___ Provided material ___

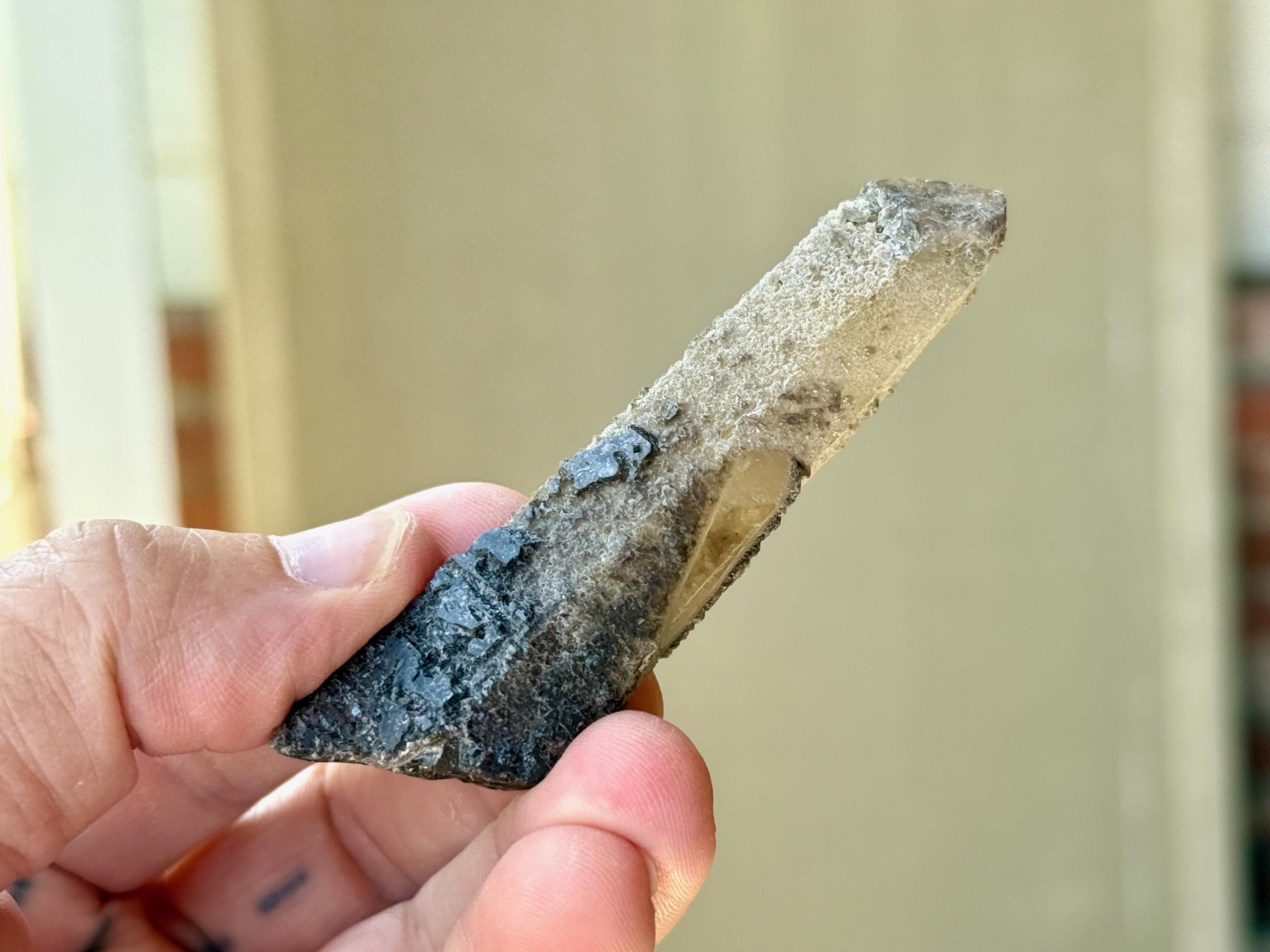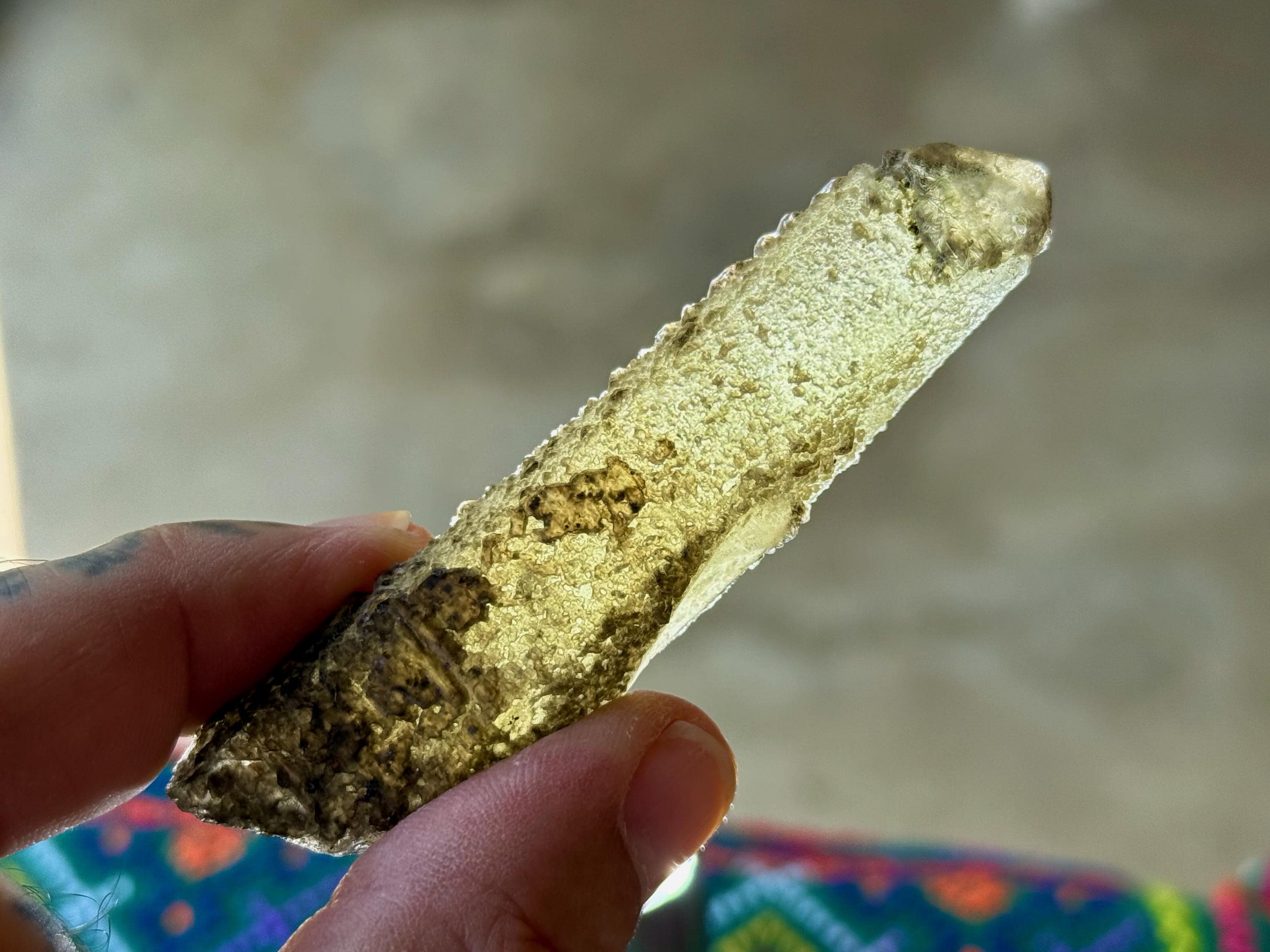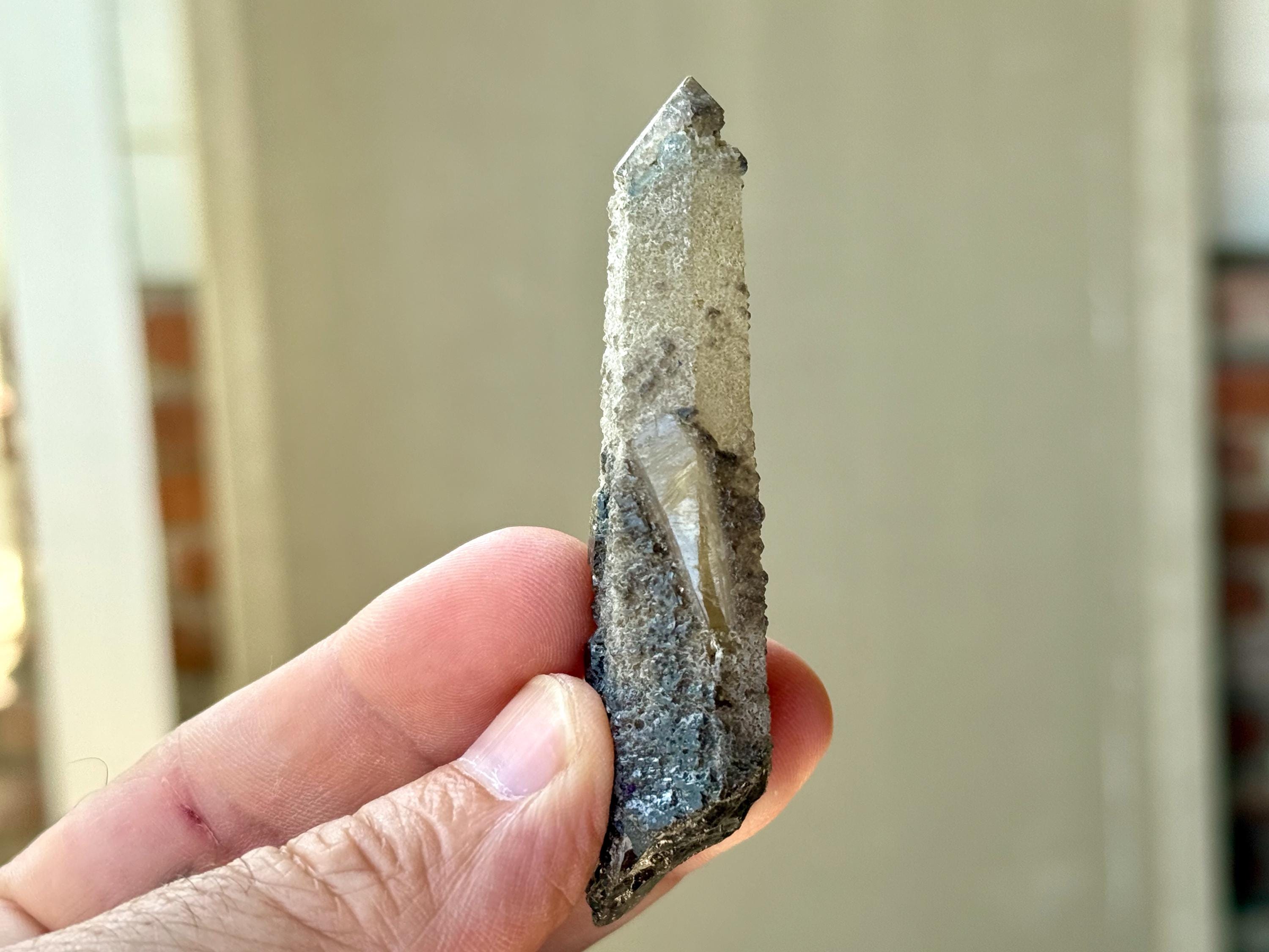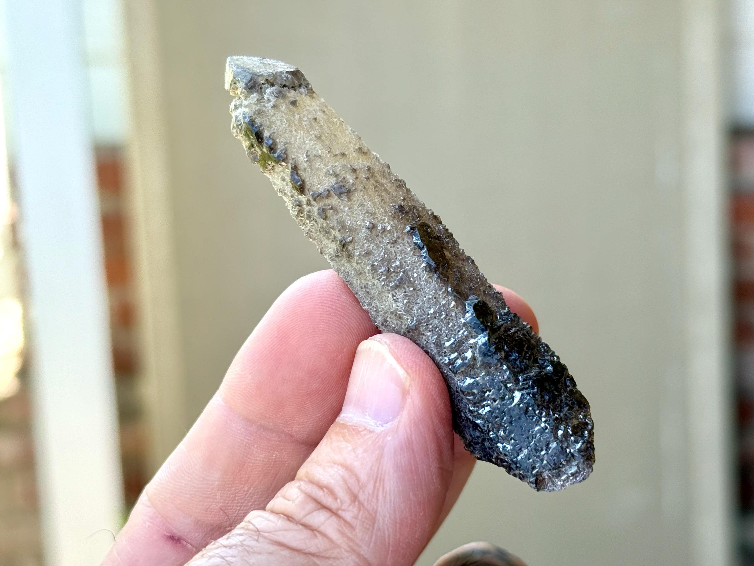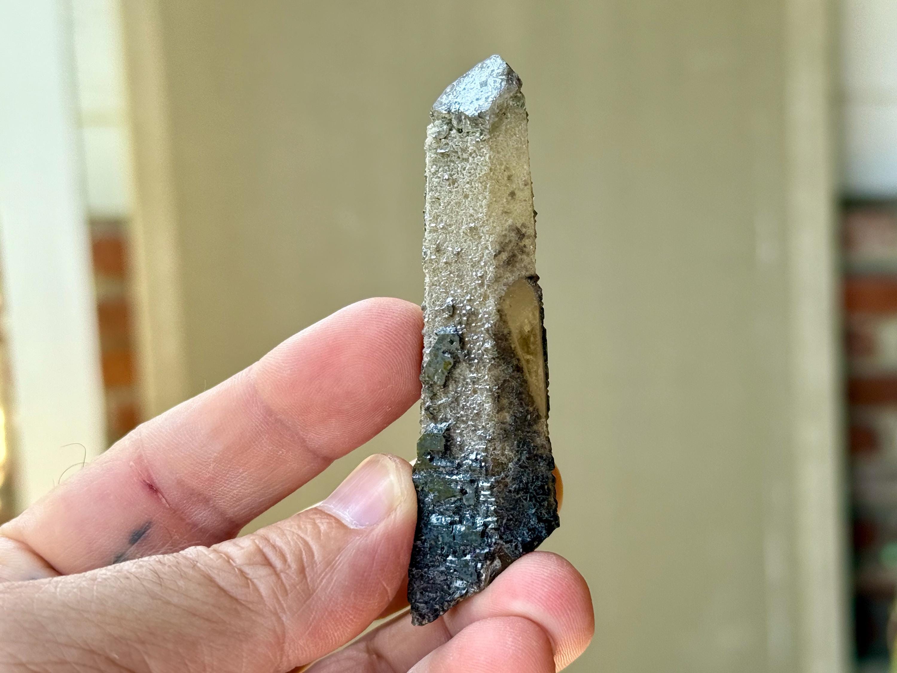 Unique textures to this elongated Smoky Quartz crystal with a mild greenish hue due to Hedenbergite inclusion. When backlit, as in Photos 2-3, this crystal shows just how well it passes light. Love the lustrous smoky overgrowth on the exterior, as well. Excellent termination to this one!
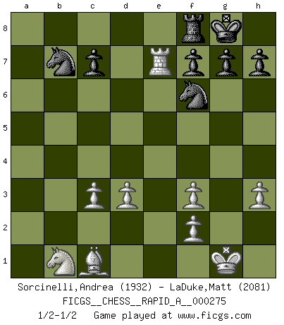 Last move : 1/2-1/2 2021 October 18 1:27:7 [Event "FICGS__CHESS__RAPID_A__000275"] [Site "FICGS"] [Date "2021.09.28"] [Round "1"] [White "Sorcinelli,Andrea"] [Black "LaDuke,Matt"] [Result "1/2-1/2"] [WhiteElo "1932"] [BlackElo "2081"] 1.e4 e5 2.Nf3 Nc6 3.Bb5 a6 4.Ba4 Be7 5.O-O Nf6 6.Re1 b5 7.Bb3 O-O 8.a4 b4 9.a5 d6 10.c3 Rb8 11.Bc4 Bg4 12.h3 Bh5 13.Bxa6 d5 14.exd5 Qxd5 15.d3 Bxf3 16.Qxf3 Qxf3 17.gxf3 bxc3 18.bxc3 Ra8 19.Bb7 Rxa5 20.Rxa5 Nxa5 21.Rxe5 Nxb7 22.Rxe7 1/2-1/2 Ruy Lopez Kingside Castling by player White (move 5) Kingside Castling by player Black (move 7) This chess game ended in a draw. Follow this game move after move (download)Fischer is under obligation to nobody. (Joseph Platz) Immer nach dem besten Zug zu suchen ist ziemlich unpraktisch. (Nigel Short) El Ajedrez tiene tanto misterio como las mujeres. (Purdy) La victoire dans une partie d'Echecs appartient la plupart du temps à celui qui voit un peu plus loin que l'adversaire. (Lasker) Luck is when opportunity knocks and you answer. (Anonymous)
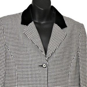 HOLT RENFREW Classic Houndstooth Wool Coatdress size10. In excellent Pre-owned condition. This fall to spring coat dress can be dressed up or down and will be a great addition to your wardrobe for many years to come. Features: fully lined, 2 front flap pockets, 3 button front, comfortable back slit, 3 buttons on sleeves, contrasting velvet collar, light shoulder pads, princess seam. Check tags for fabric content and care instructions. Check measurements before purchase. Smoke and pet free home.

___

▶ _What is required_:
Except for the pictures, write the data out exactly.

▶ _Response_:
 Unique textures to this elongated Smoky Quartz crystal with a mild greenish hue due to Hedenbergite inclusion. When backlit, as in Photos 2-3, this crystal shows just how well it passes light. Love the lustrous smoky overgrowth on the exterior, as well. Excellent termination to this one!
 Last move : 1/2-1/2 2021 October 18 1:27:7 [Event "FICGS__CHESS__RAPID_A__000275"] [Site "FICGS"] [Date "2021.09.28"] [Round "1"] [White "Sorcinelli,Andrea"] [Black "LaDuke,Matt"] [Result "1/2-1/2"] [WhiteElo "1932"] [BlackElo "2081"] 1.e4 e5 2.Nf3 Nc6 3.Bb5 a6 4.Ba4 Be7 5.O-O Nf6 6.Re1 b5 7.Bb3 O-O 8.a4 b4 9.a5 d6 10.c3 Rb8 11.Bc4 Bg4 12.h3 Bh5 13.Bxa6 d5 14.exd5 Qxd5 15.d3 Bxf3 16.Qxf3 Qxf3 17.gxf3 bxc3 18.bxc3 Ra8 19.Bb7 Rxa5 20.Rxa5 Nxa5 21.Rxe5 Nxb7 22.Rxe7 1/2-1/2 Ruy Lopez Kingside Castling by player White (move 5) Kingside Castling by player Black (move 7) This chess game ended in a draw. Follow this game move after move (download)Fischer is under obligation to nobody. (Joseph Platz) Immer nach dem besten Zug zu suchen ist ziemlich unpraktisch. (Nigel Short) El Ajedrez tiene tanto misterio como las mujeres. (Purdy) La victoire dans une partie d'Echecs appartient la plupart du temps à celui qui voit un peu plus loin que l'adversaire. (Lasker) Luck is when opportunity knocks and you answer. (Anonymous)
 HOLT RENFREW Classic Houndstooth Wool Coatdress size10. In excellent Pre-owned condition. This fall to spring coat dress can be dressed up or down and will be a great addition to your wardrobe for many years to come. Features: fully lined, 2 front flap pockets, 3 button front, comfortable back slit, 3 buttons on sleeves, contrasting velvet collar, light shoulder pads, princess seam. Check tags for fabric content and care instructions. Check measurements before purchase. Smoke and pet free home.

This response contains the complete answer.